▸ Exercise goal: What you return must be exactly the lines from the beginning of the material through the line containing "Flagship Scarf 135", both included, and no pictures.

▸ Data records:

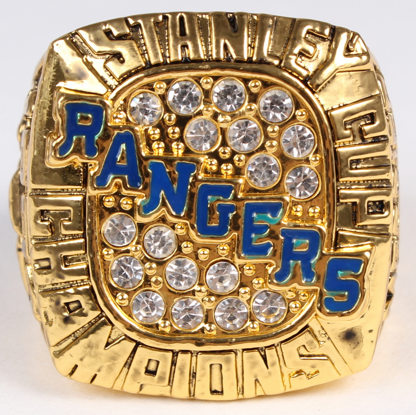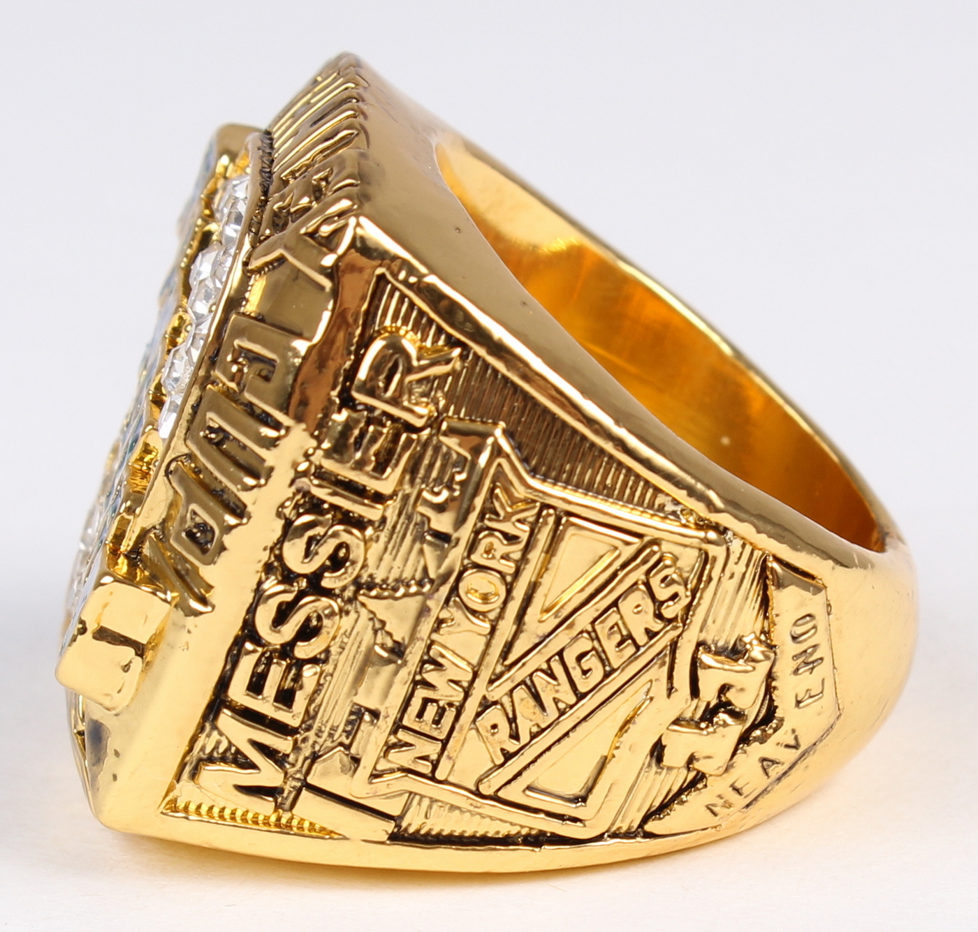 Mark Messier New York Rangers High Quality Replica 1994 Stanley Cup Champions Ring. The ring has been hand crafted by professional jewelers. Made of metal alloy and clad with 18K gold. Size 12.
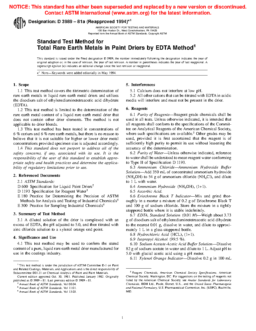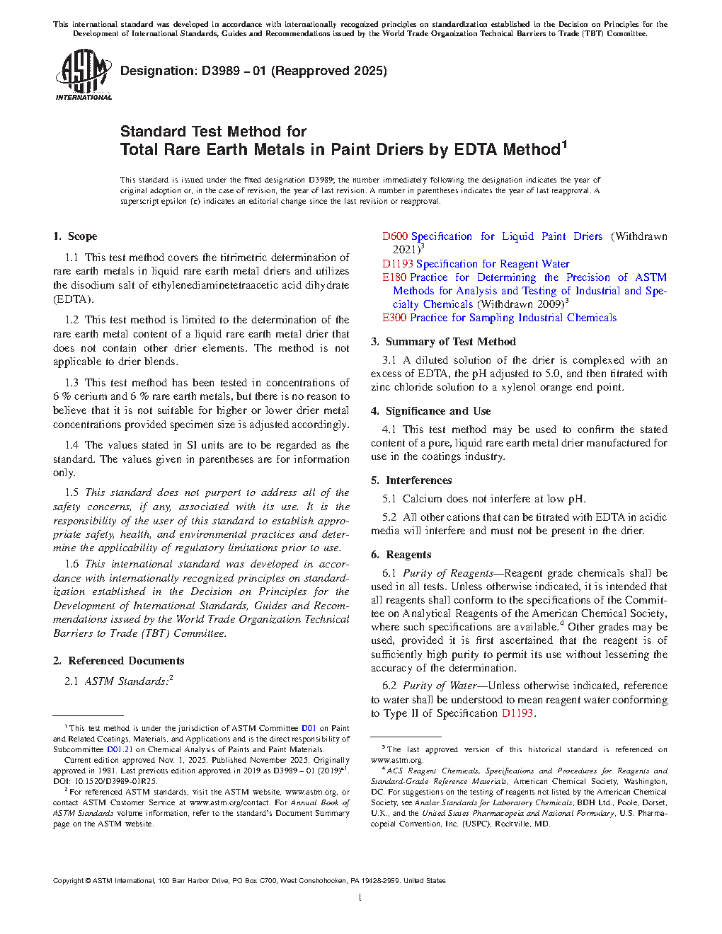 4.1 This test method may be used to confirm the stated content of a pure, liquid rare earth metal drier manufactured for use in the coatings industry.
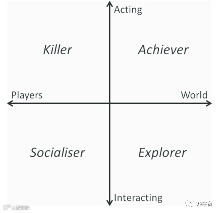 在休闲游戏玩家的范畴里,研究者可以看到四个象限或“类型”。分别为杀手、成功者、社交者、探险家。
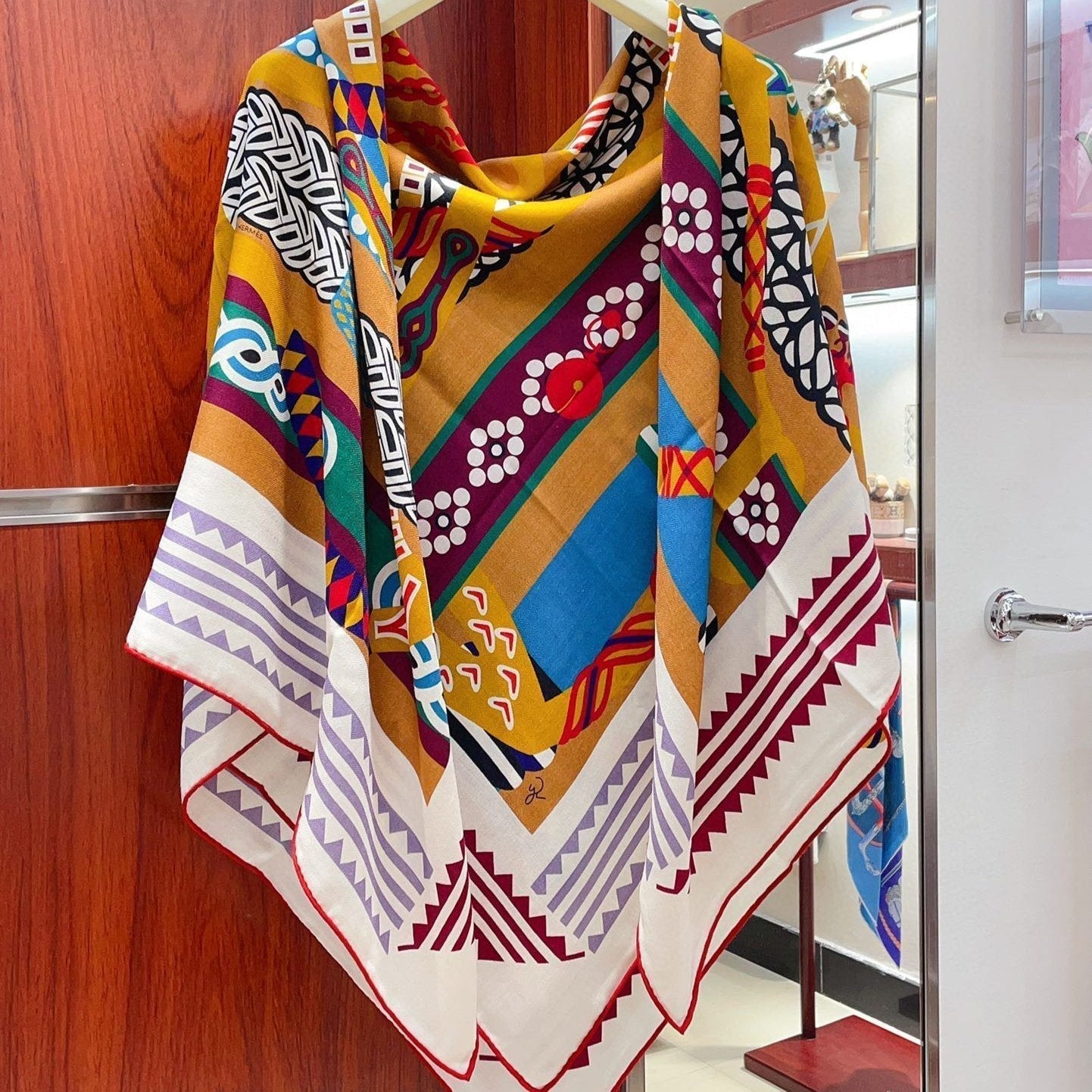 Flagship Scarf 135 CM White Colorful Cashmere And Silk 402079
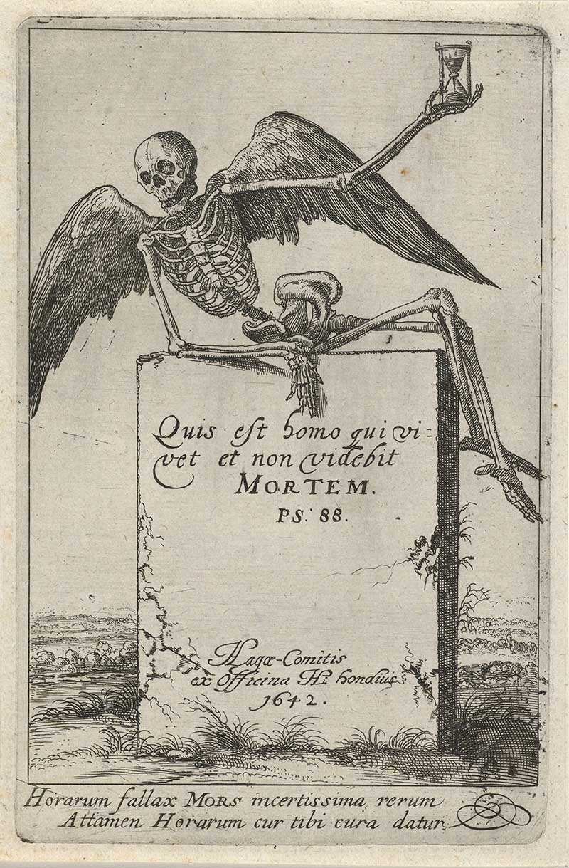 Winged skeleton with hourglass on a gravestone, Teodoro Filippo di Liagno, 1642.

▸ Exercise response:
 Mark Messier New York Rangers High Quality Replica 1994 Stanley Cup Champions Ring. The ring has been hand crafted by professional jewelers. Made of metal alloy and clad with 18K gold. Size 12.
 4.1 This test method may be used to confirm the stated content of a pure, liquid rare earth metal drier manufactured for use in the coatings industry.
 在休闲游戏玩家的范畴里,研究者可以看到四个象限或“类型”。分别为杀手、成功者、社交者、探险家。
 Flagship Scarf 135 CM White Colorful Cashmere And Silk 402079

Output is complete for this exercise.